None of these are exciting in isolation. Together they’re the difference between traders who are still in the game a decade in and traders who aren’t. The market doesn’t reward cleverness as reliably as it rewards process. Build the process first.
And if you’re interested in building that process from the ground up, the Convergence Trigger Summit is exactly what you’re looking for.
The Convergence Trigger is the product of two approaches that Marc Chaikin and I have spent years developing.
But only over the last several months had Marc and I started started comparing notes. And that’s when we discovered something huge: We’ve both spent our entire careers tracking the same thing—the smart money—just from completely different angles.
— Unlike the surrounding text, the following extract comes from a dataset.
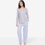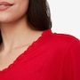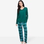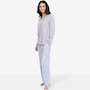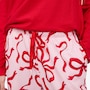 Unwind in effortless elegance with this bliss knit ruffle v-neck sleep set. This dreamy duo features a relaxed, easy fit for ultimate comfort, paired with delicate details that make lounging feel luxurious. The curved v-neck top is accented with a foldover mini ruffle for a soft, feminine touch, while lettuce edges at the sleeve openings add subtle charm. The long pants include side seam pockets for convenience and an encased elastic waistband with a twill tape drawcord finished with thread wraps for a secure, stylish fit. Perfect for cozy nights and laid-back mornings, this set is your new favourite.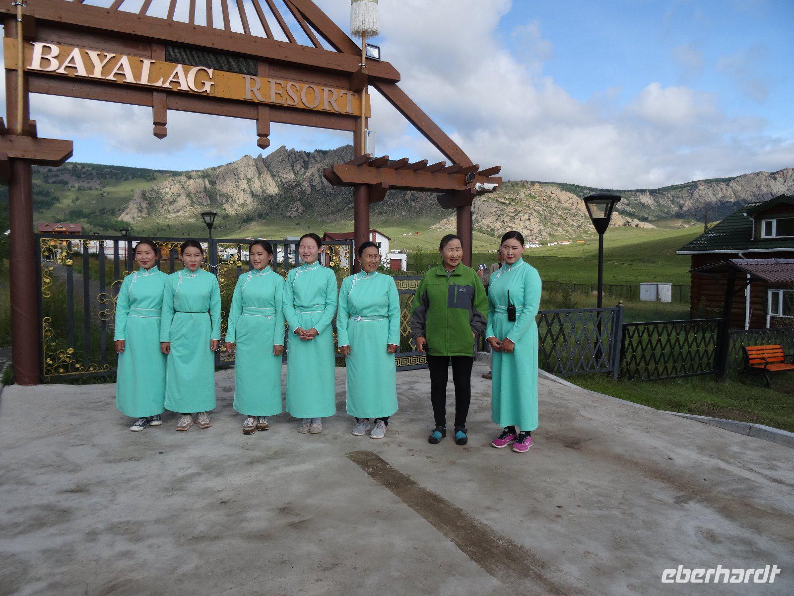 Wieder müssen wir uns den berühmt schlechten Straßen anvertrauen, aber unser Fahrer meistert dies vorzüglich. Um 11:00 Uhr kommen wir in der Hauptstadt an, Tsetsegmaa erzählt uns etwas über die Hauptstadt und auch über die hier beheimatete Kashmirverarbeitung. Wir besuchen auch ein Werk, in dem die Wolle verarbeitet wird und folgerichtig geht es danach zum Shoppen im Werksverkauf. Alle suchen nach Schnäppchen und der eine oder andere wird auch fündig. Diese Anstrengung macht hungrig und so nehmen wir erst noch ein gutes Mittagessen ein bevor wir im Hotel einchecken.

My work identifies where big, high-conviction positioning is showing up. Marc’s Money Flow confirms where institutional capital is actually flowing in the underlying stocks.
One signal measures conviction. The other confirms direction. Together, they form something neither of us had alone—a super signal that tips us off to the biggest directional bets in the options market before the crowd catches on.
All Advanced Notice members get access to Convergence Trigger right now. Whether you’ve been with us from the beginning or just joined last night.
If you missed out, I’ve made a free replay of last night’s presentation available—but only for a limited time. This is your chance to gain the same edge we trade with every single day. Jump in as soon as you can.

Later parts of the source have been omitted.